It’s literally high noon for Julian Assange; the founder of WikiLeaks claims that he will leave the Ecuadorian embassy in London at noon GMT on Friday, February the 5th- if a UN investigation determines that he had not been illegally detained.
He will agree to allow British police to arrest him on Friday if a UN investigation into the three and a half years he has been forced to stay in the Ecuadorian embassy determines that he was not illegally detained.
The UN working group on arbitrary detention will submit its ruling on Assange on Friday morning, GMT.
Assange said in a WikiLeaks statement released on Twitter that he would leave if found not to have been illegally detained.
However, if the ruling is in his favor, he demanded fair treatment, that his passport be returned and authorities should stop trying to imprison him.
“Should the UN announce tomorrow that I have lost my case against the United Kingdom and Sweden,I shall exit the embassy at noon on Friday to accept arrest by British police as there is no meaningful prospect of further appeal.
“However, should I prevail and the state parties be found to have acted unlawfully, I expect the immediate return of my passport and the termination of further attempts to arrest me.”
Swedish authorities sought his extradition so that they could question him for two allegations of sexual assault made by two women. Assange has pointed out that the demands to be questioned in Sweden would lead to further extradition to the US, which might still be investigating the publication of theAfghan war diary and United States diplomatic cables on WikiLeaks.
Chelsea Manning, the whistle-blower who provided the key documents used by WikiLeaks, was sentenced to 35 years in prison– the longest ever in a case involving a leak of US government information for the sole purpose of having it be known to the public. Her stay at the maximum-security prison in Fort Leavenworth includes the constant threat of indefinite solitary confinement. Assange understands that he faces a bleak future if extradited to the US.
The Swedish authorities have only recently agreed to question Assange in the embassy, rather than await his extradition to Sweden. Assange’s return would obviously render the agreement quite pointless.
“Julian has been offering his statement to the prosecutor by various means for five years [in total] and for three-and-a-half years since he went into the embassy – whether via videolink or by the prosecutor coming to London,” Kristinn Hrafnsson, a spokesman for WikiLeaks said.

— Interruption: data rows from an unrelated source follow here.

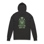 St. Patrick's Day is all fun and games until a stranger decides to pinch you. Channel your inner feline hostility with this hilariously antisocial design. Featuring the internet's favorite angry cat and a crystal-clear "Cease and Desist" warning, this lightweight hooded tee is perfect for anyone who values their personal space over holiday traditions. It is the ultimate armor for the introvert at the pub.
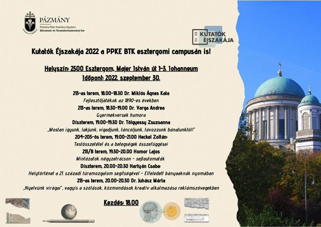 Szeptember 30-án, pénteken 18 órától rendezik meg a Kutatók Éjszakáját a PPKE BTK esztergomi képzési helyszínén.
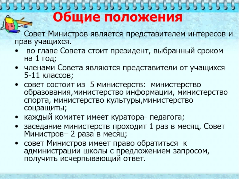 совет Министров имеет право обратиться к администрации школы с предложением запросом, получить исчерпывающий ответ.
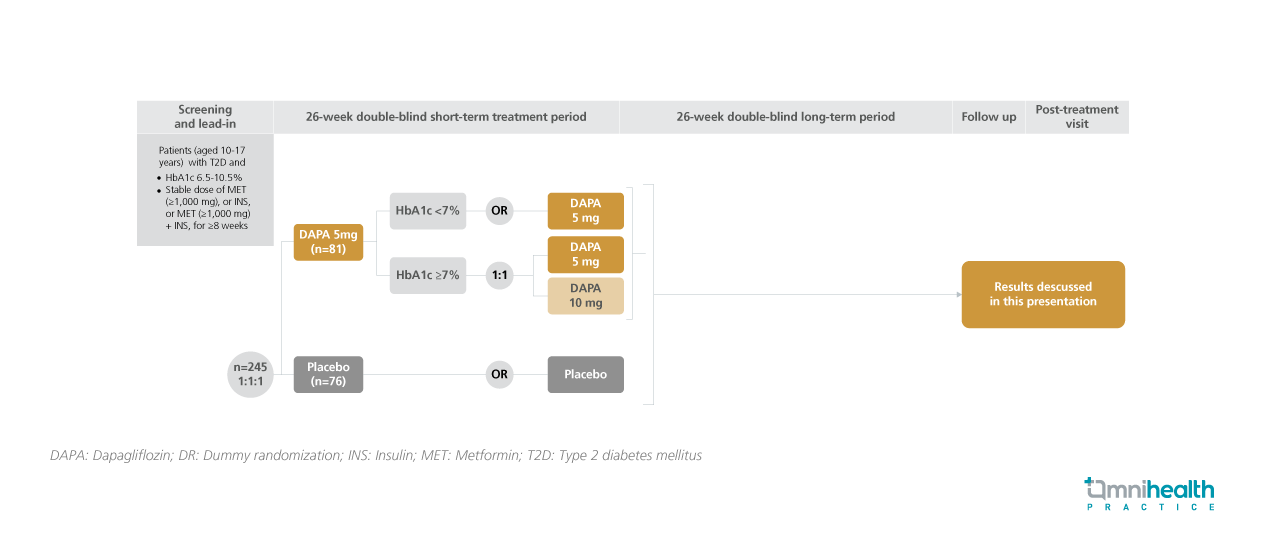 In this study, T2D patients who were aged 10-17 years, had a hemoglobin A1c (HbA1c) level of 6.5-10.5% and received prior treatment of metformin and/or insulin for ≥8 weeks were randomized to receive a daily dose of DAPA 5mg (n=81) or placebo (n=76).1 The DAPA group was further assessed at Week 14 for their HbA1c levels.1 Patients with a HbA1c level <7% continued receiving dapagliflozin 5mg daily, whereas patients with a HbA1c level ≥7% were randomized to receive dapagliflozin 5mg or 10mg daily.1 After the primary endpoint assessment at week 26, the respective treatment of each group was continued until week 26.1
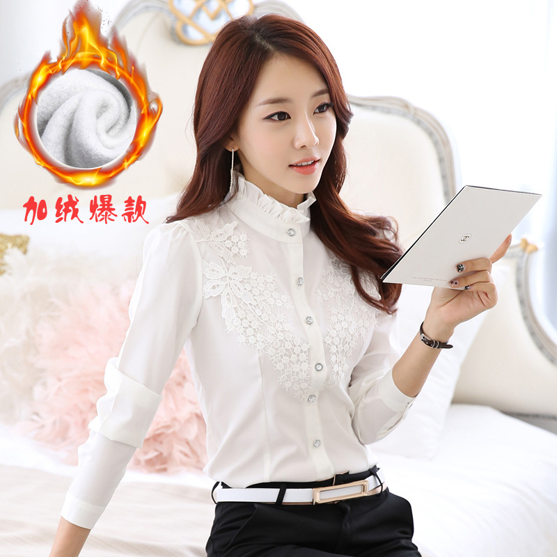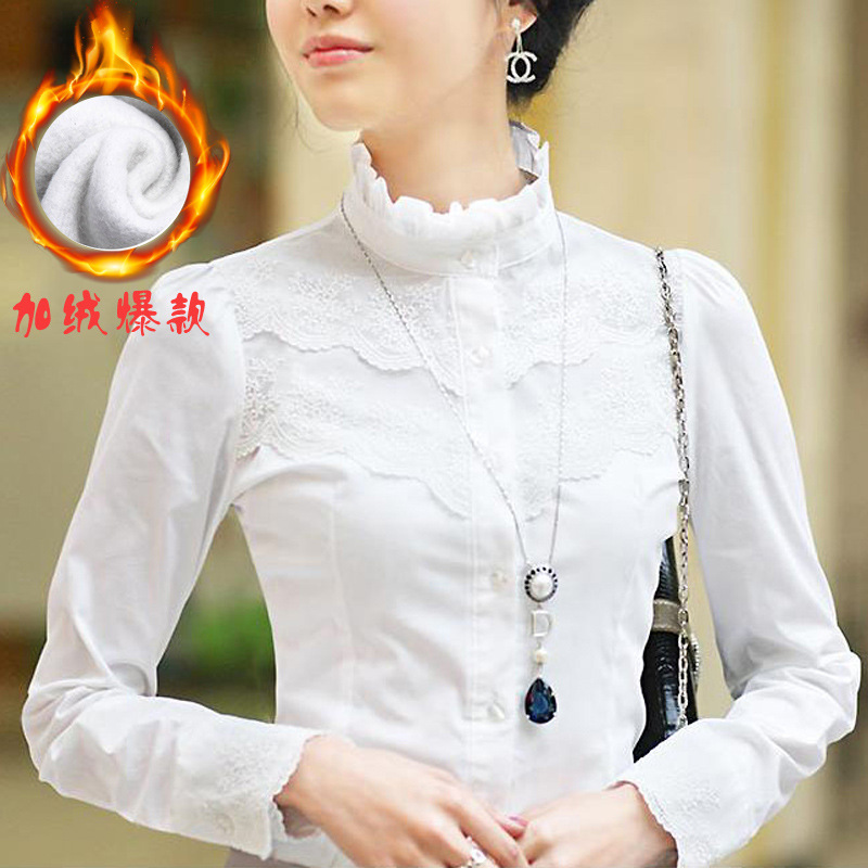 加絨加厚保暖襯衫女韓范 秋冬蕾絲打底 高級小立領女長袖免費加盟¥55立即搶購
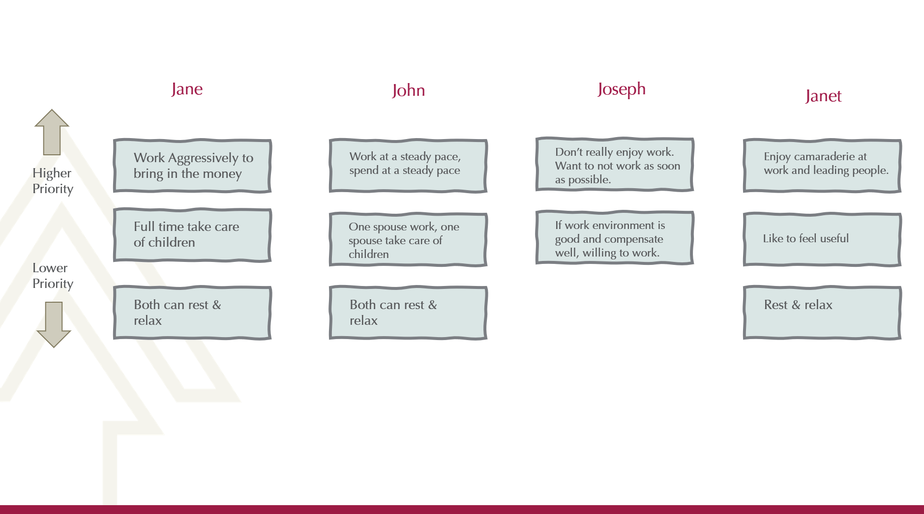 Each of these ladies and gentlemen rank their life priorities uniquely.
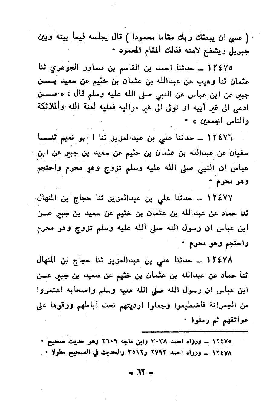 12477 - حَدَّثَنَا عَلِيُّ بْنُ عَبْدِ الْعَزِيزِ، ثنا حَجَّاجُ بْنُ الْمِنْهَالِ، ثنا حَمَّادٌ، عَنْ عَبْدِ اللهِ بْنِ عُثْمَانَ بْنِ خُثَيْمٍ، عَنْ سَعِيدِ بْنِ جُبَيْرٍ، عَنِ ابْنِ عَبَّاسٍ أَنَّ رَسُولَ اللهِ صَلَّى اللهُ عَلَيْهِ وَسَلَّمَ: «§تَزَوَّجَ وَهُوَ مُحْرِمٌ، وَاحْتَجَمَ وَهُوَ مُحْرِمٌ»
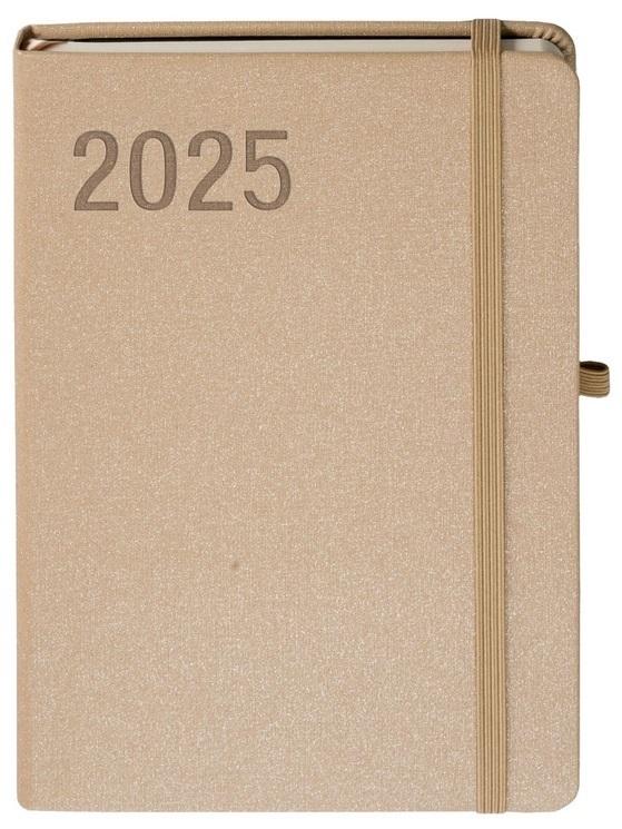 Kolekcja: Sakura · Format: A5 · Wymiary okładki: 210x145 mm · Układ: dzień na stronie · Ilość stron: 352 · Oprawa: twarda · Materiał: skóra ekologiczna, z błyszczącymi drobinkami · Gramatura papieru: 80g · Kolor papieru: off white · Dodatki: plan roku 2025, ważne wydarzenia, plan miesiąca, skorowidz adresowy, notatki · Pionowa gumka zamykająca: w kolorze okładki · Wstążka: w kolorze okładki · Gumka na długopis: w kolorze okładki · Zaokrąglone rogi: tak · Wyklejka: czarna · Koperta: tak
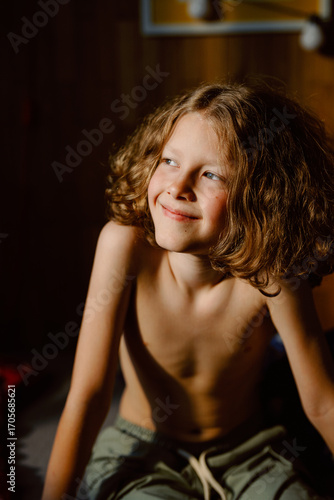 A young boy with curly hair smiles happily in a cozy room, capturing a joyful moment as he relaxes, showcasing the warmth of family life during the day.
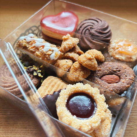 ALT text details木製のカッティングボードの上に並べられた小さなトースト。カリッと焼いたバゲットに白いBrieチーズをのせ、ラズベリーとブルーベリーをトッピングした一口サイズのオープンサンドが複数並んでいる。
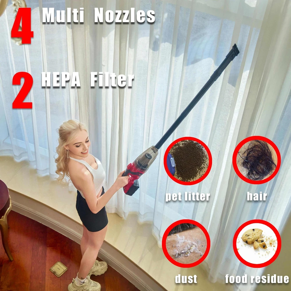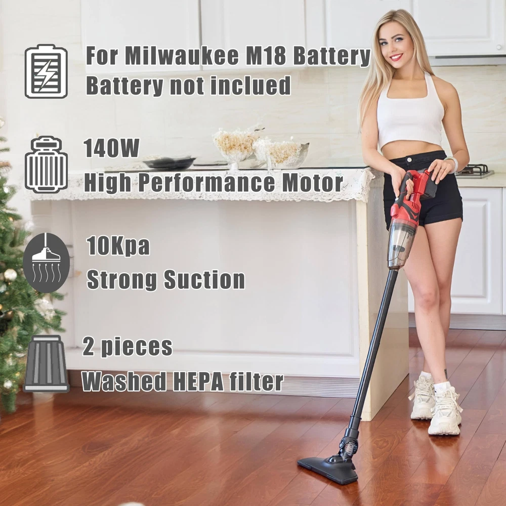 Cordless Vacuum Cleaner for Milwaukee M18 Battery,Wireless Handheld Power Vacuum Cleaner for Home, Boat, Workshop, Car, Pet Hair, Furniture(Tool Only No Battery) Product Details Brand: PMLYQ Special Feature: Wet/Dry, Cordless, HEPA Filter Type: HEPA Filter Included Components: 1 x Small Circular Brush, 1 x 2-in-1 Brush, 2 x HEPA Filter, 1 x Floor Brush, 1 x Sofa Brush Is Cordless?: Yes Brand: PMLYQ Special Feature: Wet/Dry, Cordless, HEPA Filter Type: HEPA Filter Included Components: 1 x Small Circular Brush, 1 x 2-in-1 Brush, 2 x HEPA Filter, 1 x Floor Brush, 1 x Sofa Brush Is Cordless?: Yes Capacity: 0.6 Liters Wattage: 140 watts Recommended Uses For Product: Home Form Factor: Handheld Color: Red Model Name: Cordless Vacuum Cleaner Product Dimensions: 18.6"L x 6.2"W x 6"H Battery Description: Lithium-Ion Manufacturer: PMLYQ Number of Items: 48 Controller Type: Push Button Motor Horsepower: 0.189 horsepower Control Method: Touch Style: Sleek Portable: Yes Number of Handles: 1 Number of Power Levels: 4 Indoor/Outdoor Usage: Indoor UPC: 727210840102 Item Weight: 3.3 pounds Country of Origin: China Item model number: MWQXCQ Batteries required: Yes Battery type: Lithium-Ion Compatible with Milwaukee M18 Battery: This cordless vacuum cleaner is specially designed to be compatible with Milwaukee batteries, providing users with a wider range of choices. Milwaukee batteries are known for their high quality and reliability, providing stable and long-lasting power support for vacuum cleaners. Users don't need to worry about battery life, just replace the battery and continue to enjoy efficient cleaning services Convenient Cordless Design: This handheld cordless vacuum cleaner brings users an unprecedented cleaning experience with its lightweight design and free mobility. Breaking free from the constraints of traditional vacuum cleaner wires, users can easily clean every corner of their home without worrying about the location of power sockets. The vacuum cleaner is equipped with a battery, maintaining a weight of 2-3 pounds, making cleaning easier and more enjoyable Efficient Vacuum Performance: This pet hair eraser wireless household upright vacuum cleaner adopts a 140W high-performance motor, which can easily remove dust, particles, hair and other debris from the ground. A 600 ml dustproof cup can hold more garbage and pet hair at once. Its powerful suction and precise filtration system ensure excellent cleaning effectiveness. Whether it's hardwood flooring, carpets, or tiles, it can easily handle it and make your home environment look brand new 4 Muti-Functional nozzles: This vacuum cleaner is equipped with 4 different nozzles, 2 extension tubes, and brushes. It is your best assistant when dealing with different situations. You can easily suck out dust, pet hair, sand, food residue, and even dirt hidden in the sofa. The extension tube can reach areas that are difficult to reach in your home or car. In addition, we also provide you with a free stack filter to keep you clean and worry free What's in the package box : This handheld vacuum cleaner just only tool,Not included battery. 1 x Vacuum Cleaner Tool; 2 x HEPA Filter; 1 x Floor Brush; 1 x Small Circular Brush; 1 x 2-in-1 Brush; 1 x Sofa Brush; 2 x Extension Tubes
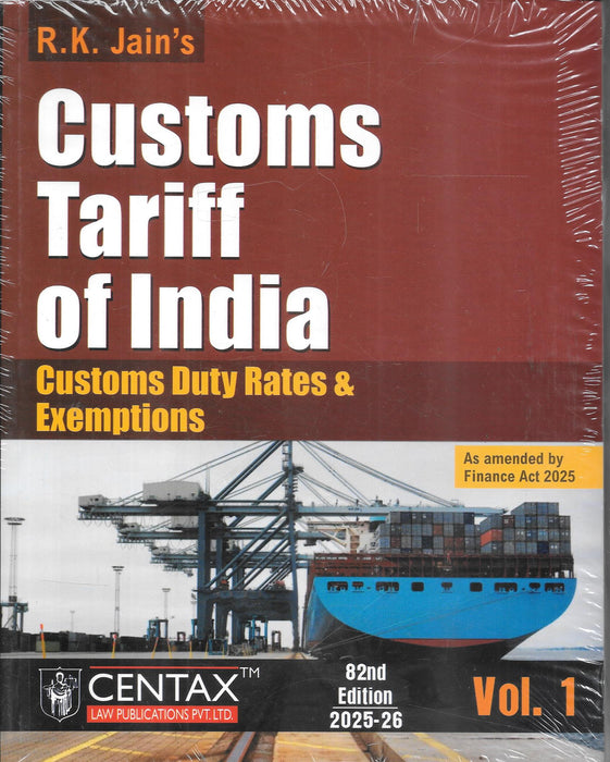 R.K. Jain's Customs Tariff of India – Vol. 1 (82nd Edition, 2025–26) is a comprehensive reference on customs duty rates and exemptions, updated as per the Finance Act, 2025. It provides a thorough compilation of tariff schedules, duty structures, and exemptions applicable to imported goods in India. Extensively used by customs officials, tax professionals, legal consultants, and import/export firms, this volume ensures legal clarity and practical usability in customs classification and duty application.
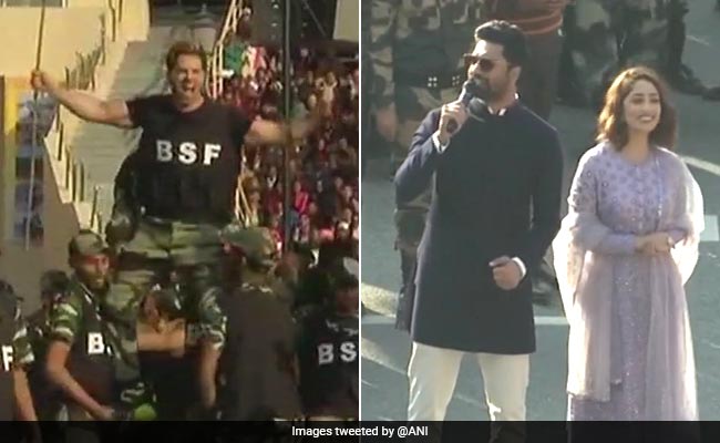 यहां मौजूद सभी सेलेब्स ने जवानों के साथ गणतंत्र दिवस के मौके पर न सिर्फ जोश से भरने वाला डांस किया, बल्कि मौजूद पब्लिक से 'भारत माता की जय' के नारे लगवाए. 'उरी: द सर्जिकल स्ट्राइक' (URI: The Surgical Strike) फिल्म से धमाल मचा चुके विक्की कौशल ने कॉलर बंद ब्लैक कलर का कुर्ता और व्हाइट पाजामा पहना, जबकि यामी गौतम ने पर्पल कलर का सूट पहन रखा है. -   ndtv.in ndtv.in
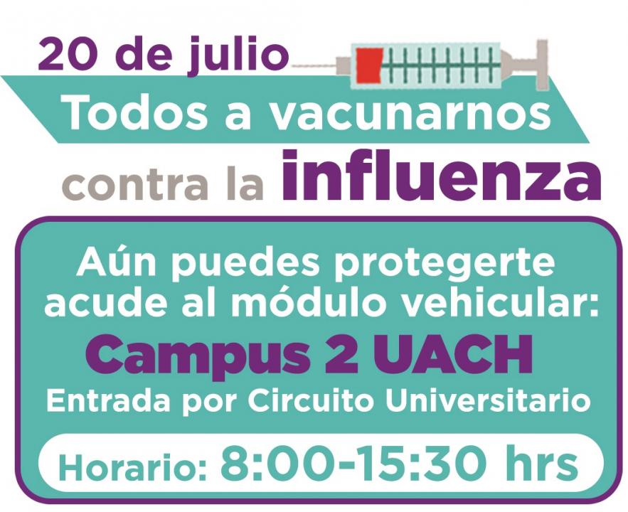 La Secretaría de Salud estatal aplicará la vacuna contra la influenza a personas de todas las edades y completará esquemas de vacunación en niñas y niños, este martes 20 de julio en el módulo vehicular del Campus II de la UACH, en un horario de 8:00 de la mañana hasta las 3:00 de la tarde.
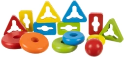 Ismerd meg a három alapformát: kör, háromszög és téglalap. A játék tartalmaz egy alapot és számos könnyen mozgatható és összeilleszthető darabot.

“Let’s hope [the interview] can be carried out as soon as possible. Julian is very eager to get his point of view into the investigation.”
“When all necessary permits and arrangements are ready, the interview will be performed by the supporting prosecutor to the case, chief prosecutor Ingrid Isgren, together with a police investigator,” the Swedish Prosecution Authority said.
Late last year, Swedish authorities said that they were ceasing their inquiries into the two counts of alleged sexual molestation and one count of alleged unlawful coercion; the remaining allegation of rape was still the subject of inquiries.